Le projet politique de l'Union européenne, enfin, est aussi un projet économique. Or, selon les dernières estimations, la France est en 2019 le principal moteur de la croissance dans la zone euro. Son dynamisme économique, largement dû aux mesures que nous avons adoptées depuis le début du quinquennat, est supérieur à celui de nos principaux partenaires européens et les tire vers le haut. La France tire la zone euro, tout en appelant à ce que celle-ci se dote d'un vrai budget pour encaisser les chocs économiques et lisser les effets de conjoncture.

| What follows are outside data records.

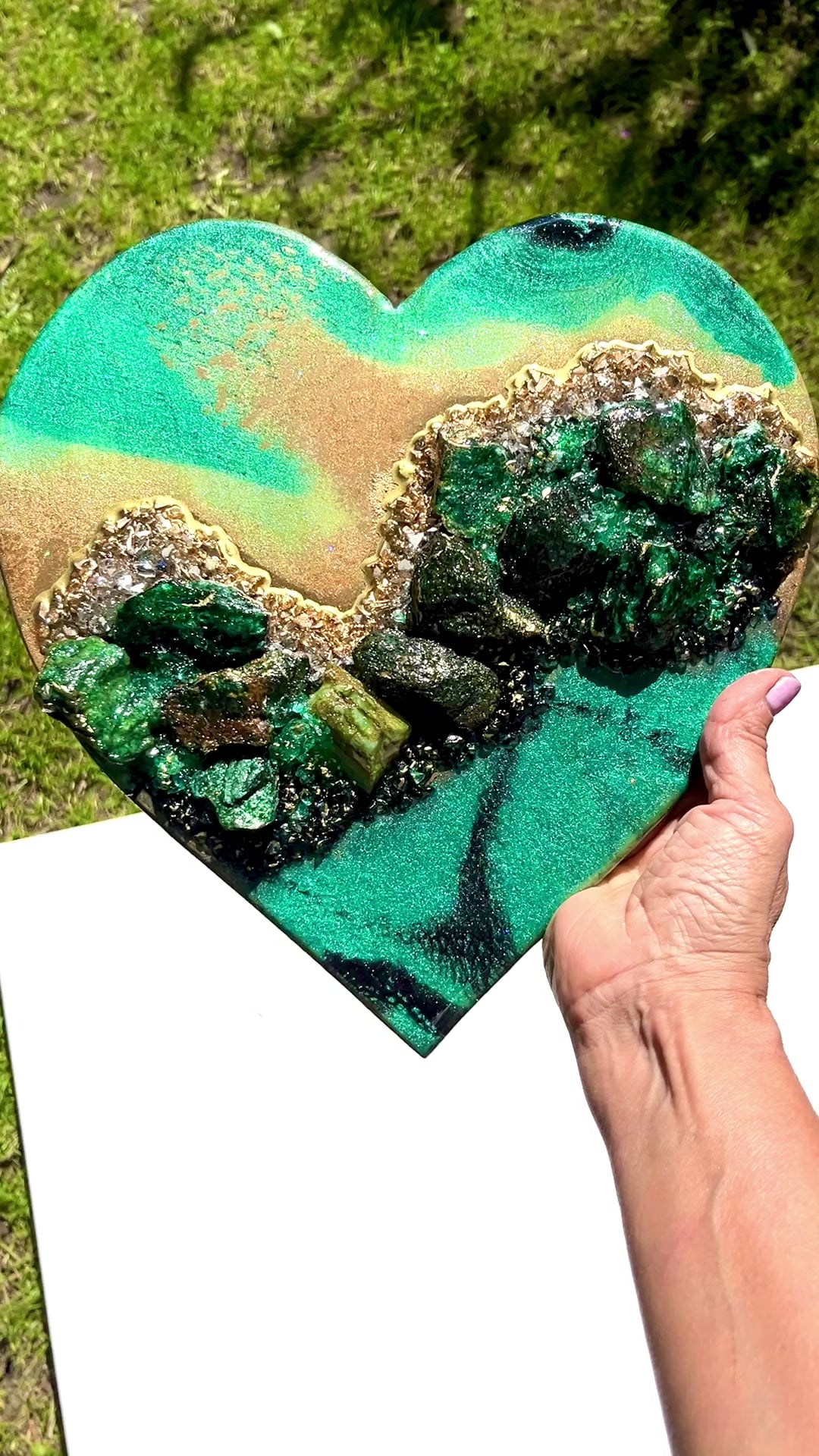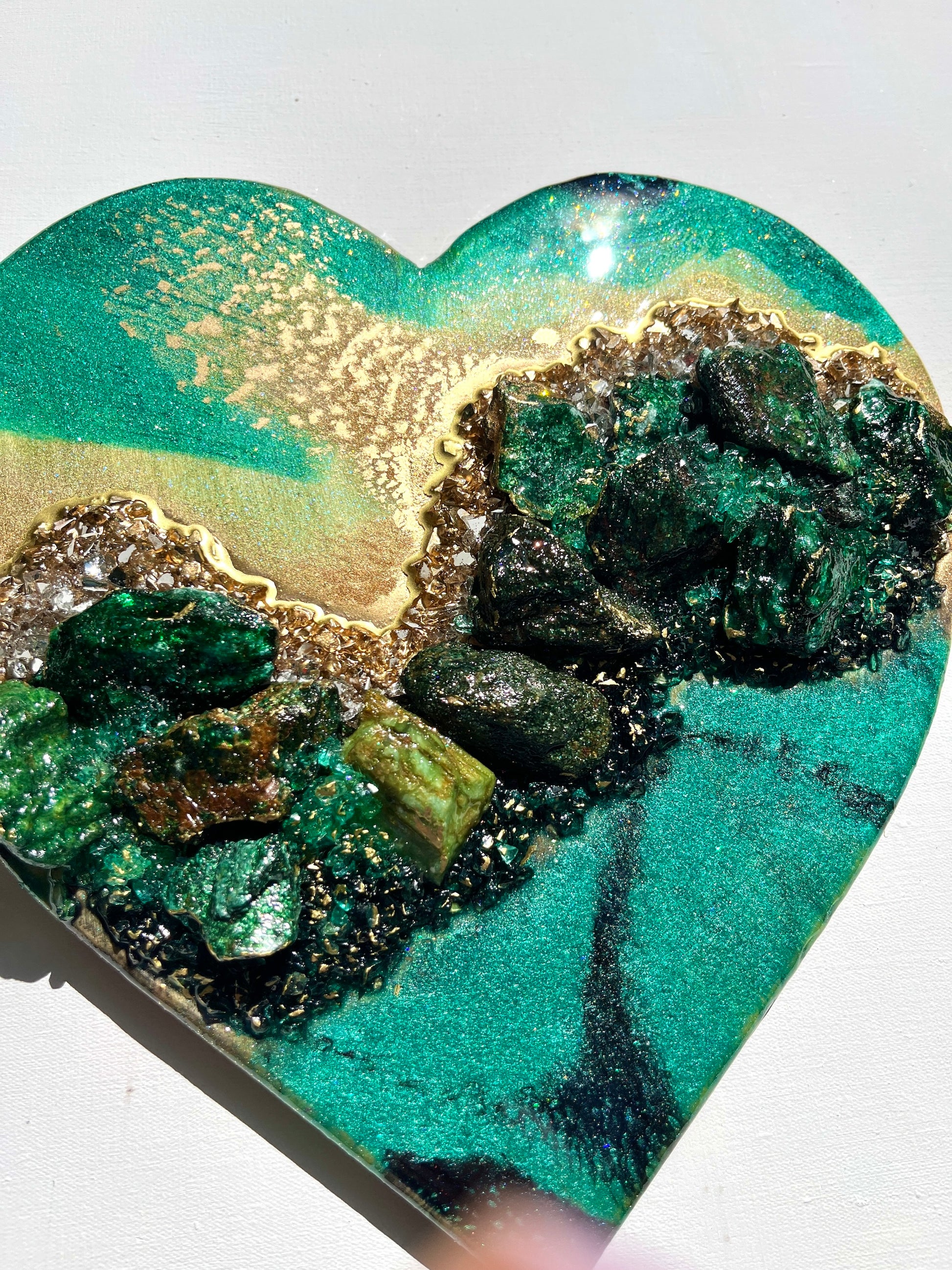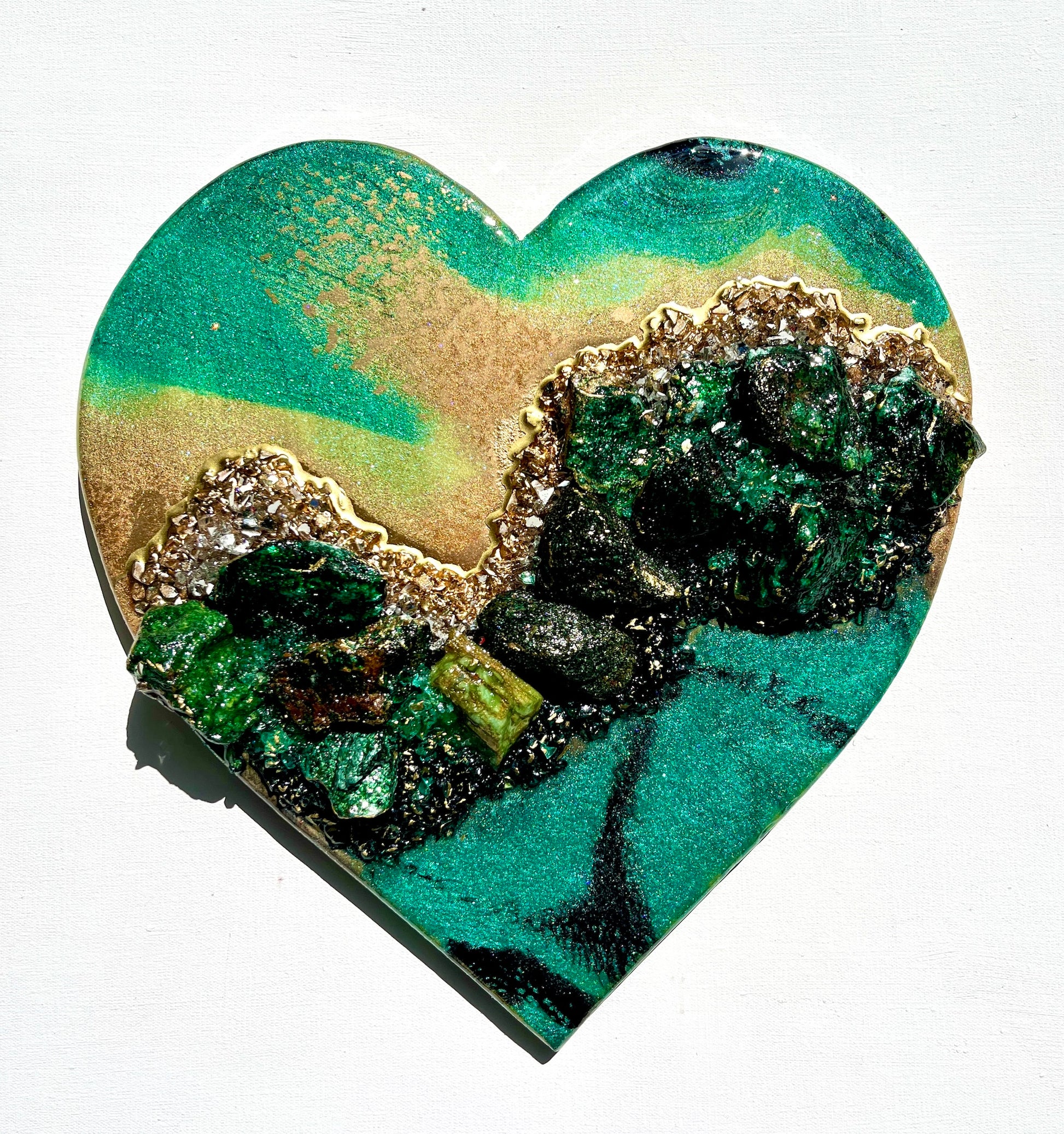 This beautiful custom made heart features a river of green aventurine stones. This stone is known as the 'Stone of opportunity', believed to attract luck and prosperity.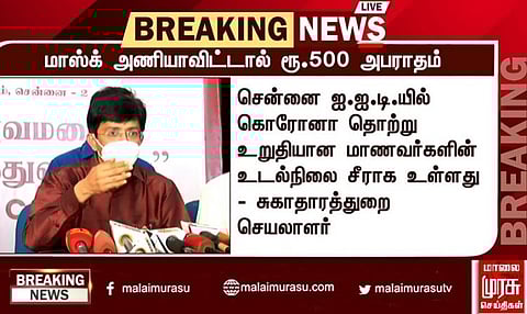 இது குறித்து செய்தியாளர் சந்திப்பில் பேசிய சுகாதாரத்துறை செயலாளர், தொடர்ந்து படிபடியாக அதிகரித்து வரும் கொரோனா தொற்றால் மீண்டும் பொதுவெளியில் மக்கள் மாஸ்க் கட்டாயம் அணியவேண்டும், அப்படி அணியாவிட்டால் ரூபாய் 500 அபராதம் என சுகாதாரத்துறை செயலாளர் இராதாகிருஷ்ணன் தெரிவித்துள்ளார்.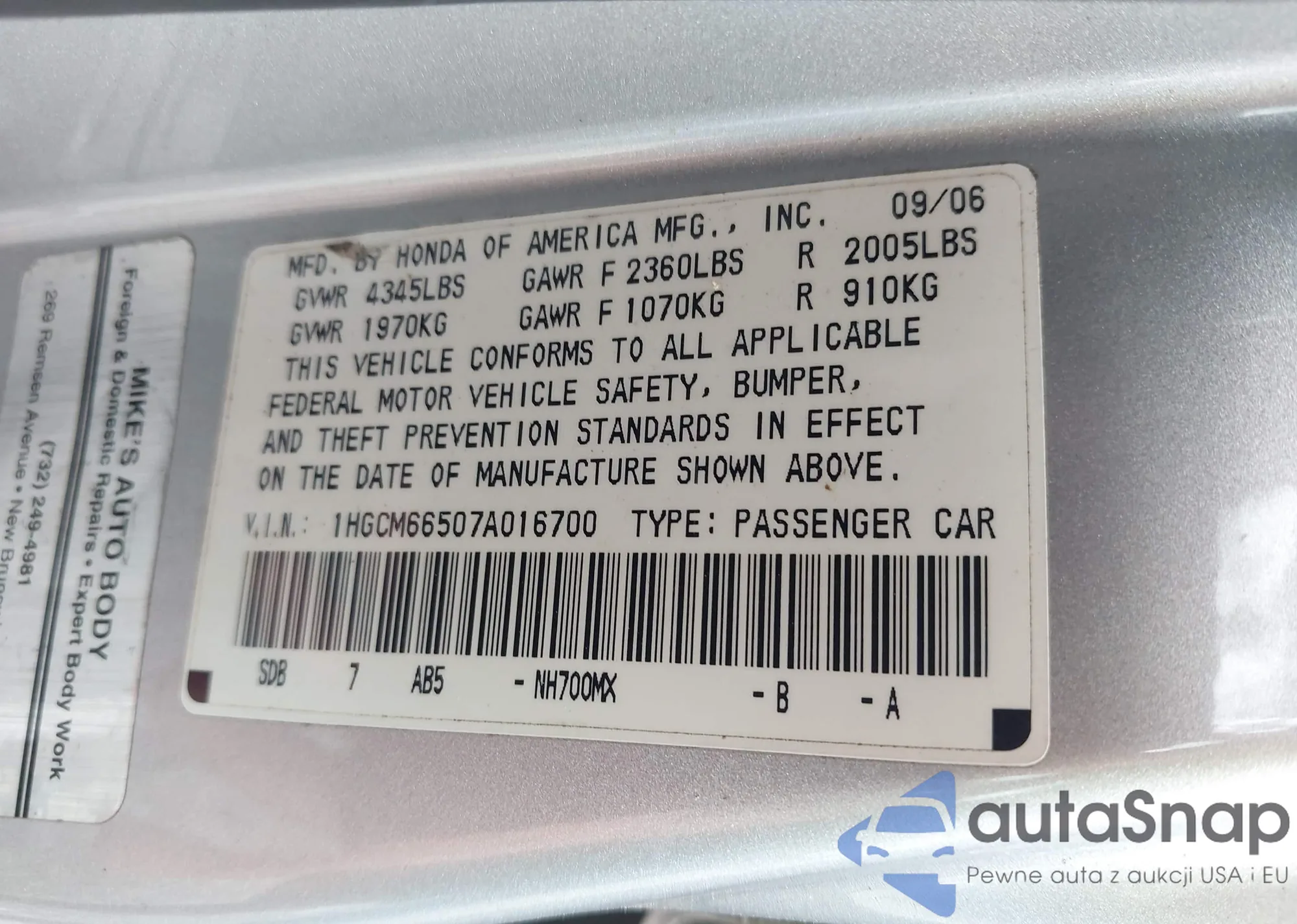 LOT: 43093100 VIN: 1HGCM66507A016700

De façon plus générale, je suis favorable à ce que l'influence de la France soit, autant que possible, exploitée à son bénéfice, dès lors que notre pays soutient la mise en oeuvre de politiques favorables à l'approfondissement et à l'aboutissement de l'Union.

Pour nous en tenir au thème budgétaire qui nous occupe, il s'agit notamment de promouvoir un certain nombre de réformes. Je pense tout d'abord à la refonte du système des ressources propres de l'Union dans un sens plus favorable à l'intégration fiscale des États membres. De nouvelles ressources sont à portée de main : pourquoi ne pas utiliser le produit de la taxe sur les services numériques que nous avons adoptée en France, et qui pourrait essaimer ? Pourquoi ne pas s'appuyer sur l'affectation d'une partie des recettes d'enchères de quotas du marché européen du carbone ?

À ce propos, le développement de la tarification du carbone pour de nouveaux secteurs non encore couverts par le marché européen du carbone serait pertinent, afin d'encourager la réduction des émissions de gaz à effet de serre et l'investissement dans les technologies vertes innovantes. Plus prometteur et plus important encore, il faut désormais penser sérieusement à instaurer des droits carbone à l'entrée de notre marché unique. Il convient de protéger nos économies, d'accroître nos ressources communautaires et de favoriser une production durable et locale.